Evidence suggests that rerouting devices are successful at reducing the negative effects of the acoustic head-shadow and enhance the awareness of sound and the Signal-to-Noise Ratio (SNR)[57] [58] when sounds are directed toward the affected ear, but are not successful in restoring access to binaural cues [59,60].
In a review of four controlled studies, Baguley et al. [61] uncovered limited evidence supporting the efficacy of BCD for treating Single-Sided Deafness (SSD).
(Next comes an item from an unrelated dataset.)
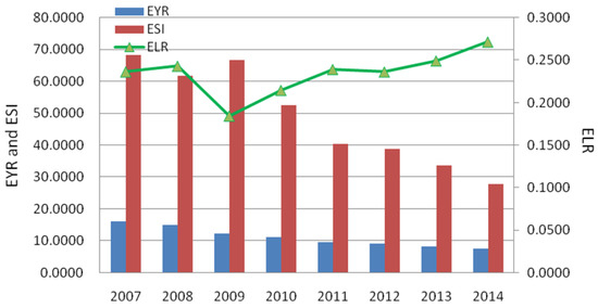 | Emergy sustainable index (ESI) | 1 | EYR/ELR | The sustainability capacity of the local system |

However, they did observe that BCD offered advantages over both CROS devices and the unassisted condition, particularly in terms of speech discrimination in noisy environments and subjective questionnaire-based assessments of hearing ability (Abbreviated Profile of Hearing Aid Benefit APHAB questionnaire). Agterberg et al. [44] suggest that BCD neither improves nor worsens the localization abilities of patients with SSD. Similarly, no significant differences were found between CROS and BCD in terms of speech perception in noisy environments and sound localization in the study by Peters et al. [62]. This is in contrast to previous studies that instead reported better sound localization for SSD listeners with a BCD [45] or a conventional CROS hearing aid[46].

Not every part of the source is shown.